Exercise goal ▸ Every entry in the data that follows should come back exactly, pictures aside.

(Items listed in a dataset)
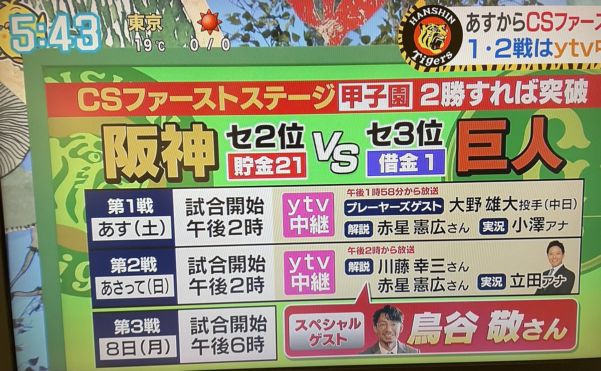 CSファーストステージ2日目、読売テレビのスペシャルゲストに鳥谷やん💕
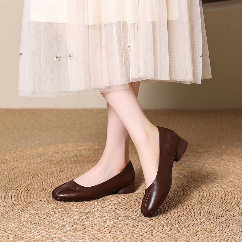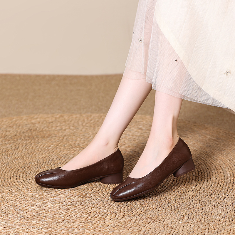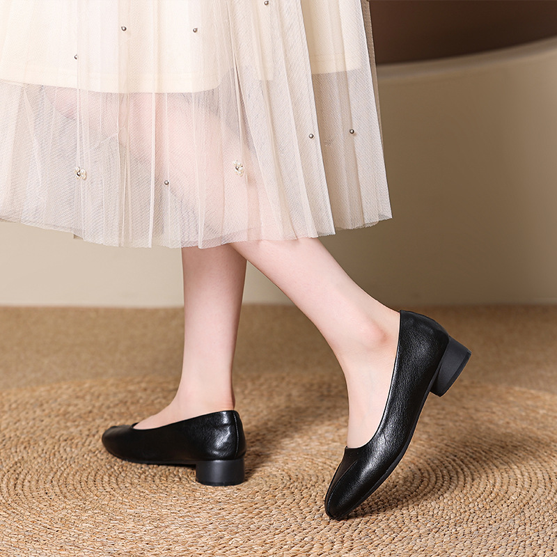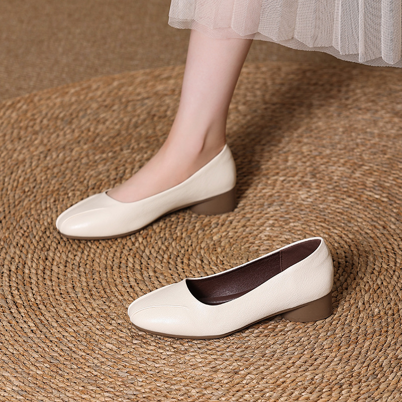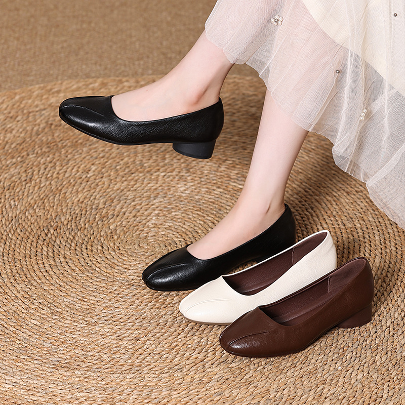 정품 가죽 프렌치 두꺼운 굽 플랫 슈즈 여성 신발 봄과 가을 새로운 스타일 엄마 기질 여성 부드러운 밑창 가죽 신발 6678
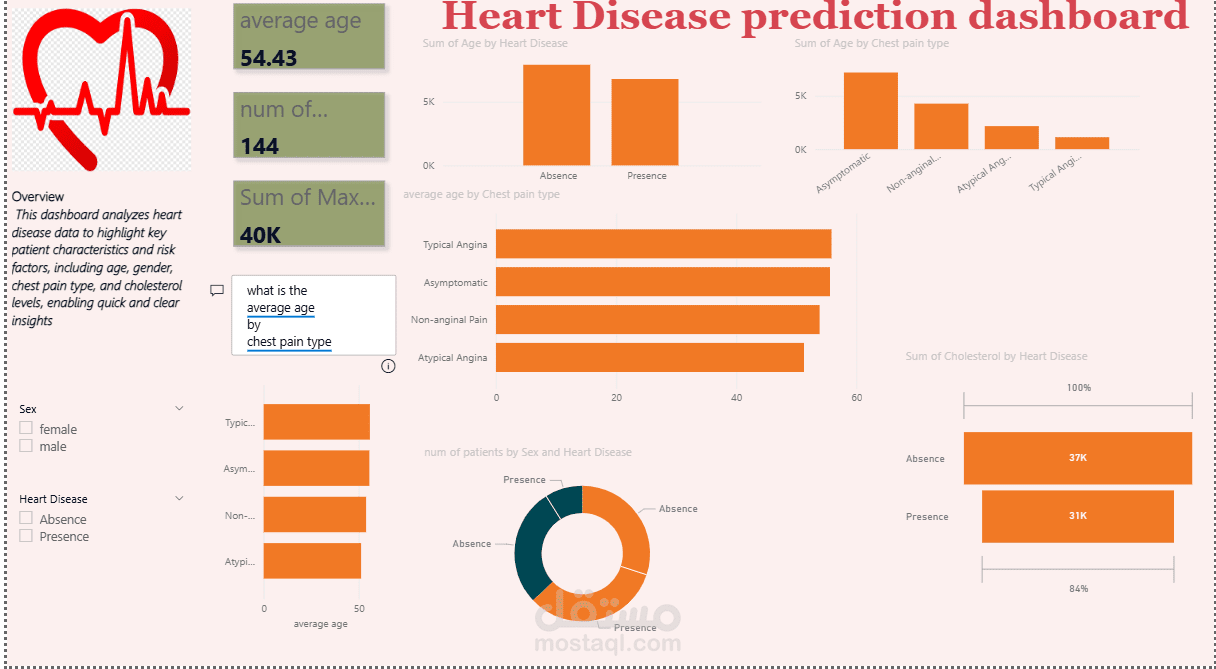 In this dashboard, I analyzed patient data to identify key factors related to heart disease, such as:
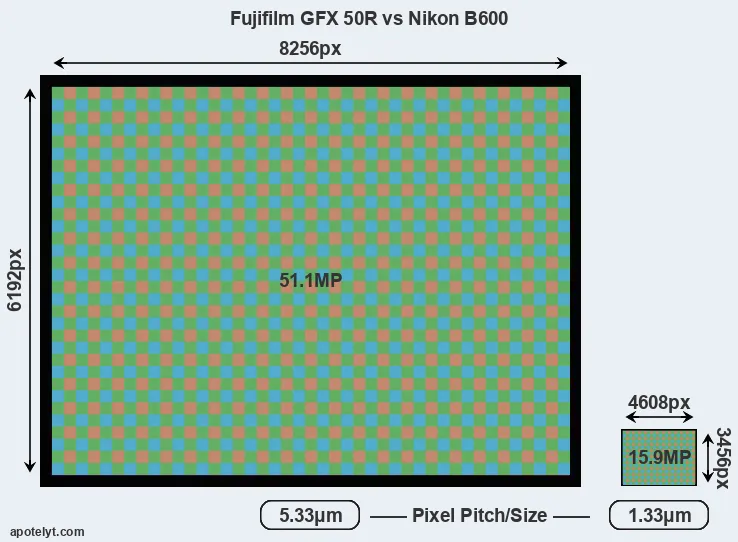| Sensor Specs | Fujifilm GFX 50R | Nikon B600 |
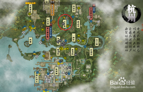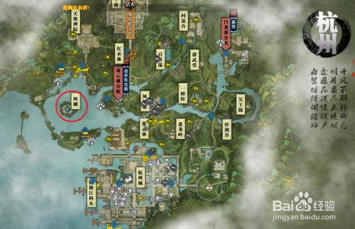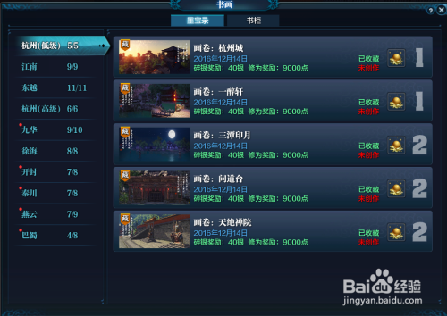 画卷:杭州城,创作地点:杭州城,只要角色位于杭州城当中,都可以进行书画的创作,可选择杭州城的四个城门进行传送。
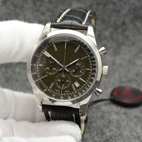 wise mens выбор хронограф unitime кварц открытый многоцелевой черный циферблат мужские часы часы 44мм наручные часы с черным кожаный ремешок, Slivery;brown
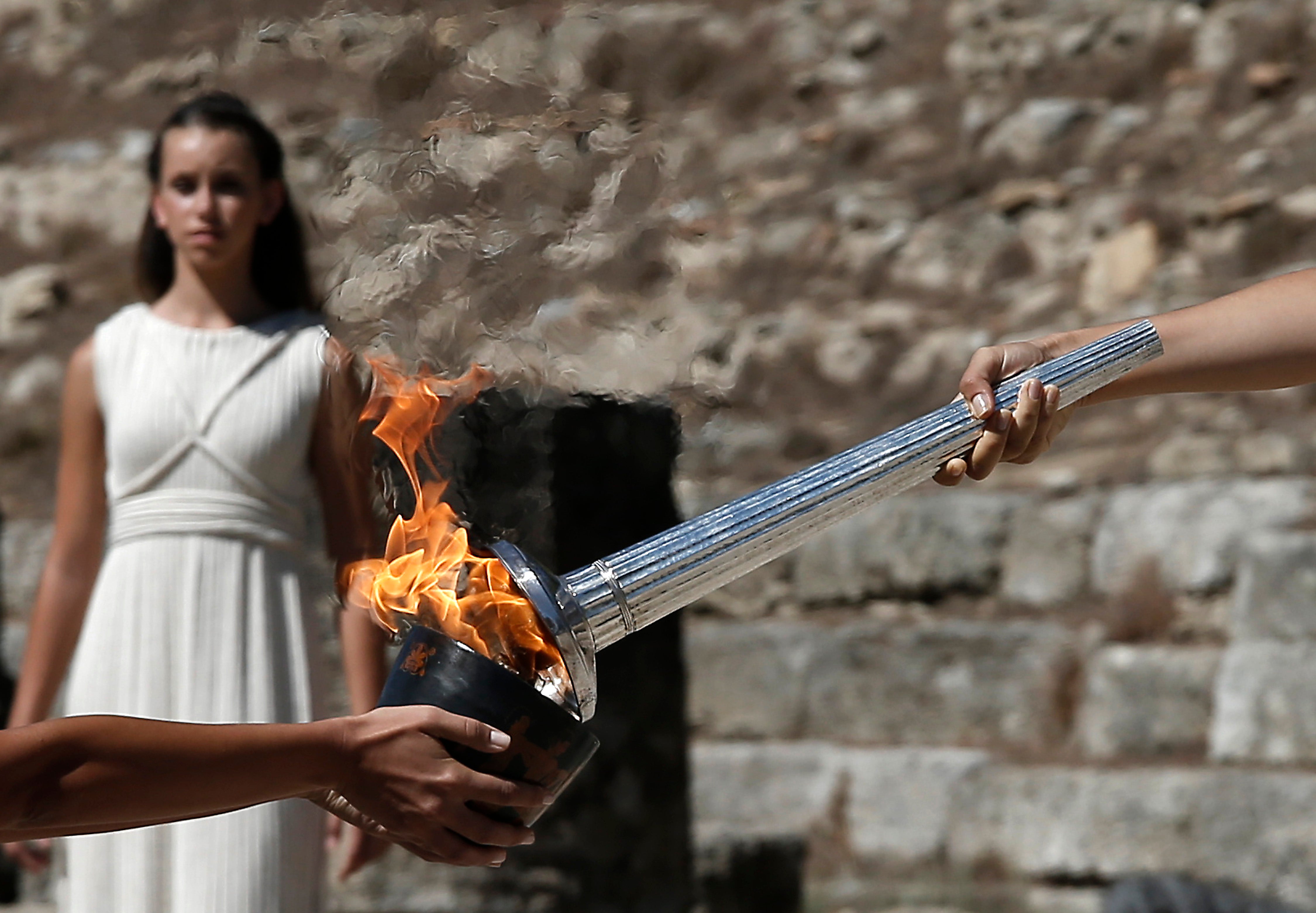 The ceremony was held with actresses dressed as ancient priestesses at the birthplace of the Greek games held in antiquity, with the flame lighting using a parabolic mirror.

Finished exercise ▸
 CSファーストステージ2日目、読売テレビのスペシャルゲストに鳥谷やん💕
 정품 가죽 프렌치 두꺼운 굽 플랫 슈즈 여성 신발 봄과 가을 새로운 스타일 엄마 기질 여성 부드러운 밑창 가죽 신발 6678
 In this dashboard, I analyzed patient data to identify key factors related to heart disease, such as:
| Sensor Specs | Fujifilm GFX 50R | Nikon B600 |
 画卷:杭州城,创作地点:杭州城,只要角色位于杭州城当中,都可以进行书画的创作,可选择杭州城的四个城门进行传送。
 wise mens выбор хронограф unitime кварц открытый многоцелевой черный циферблат мужские часы часы 44мм наручные часы с черным кожаный ремешок, Slivery;brown
 The ceremony was held with actresses dressed as ancient priestesses at the birthplace of the Greek games held in antiquity, with the flame lighting using a parabolic mirror.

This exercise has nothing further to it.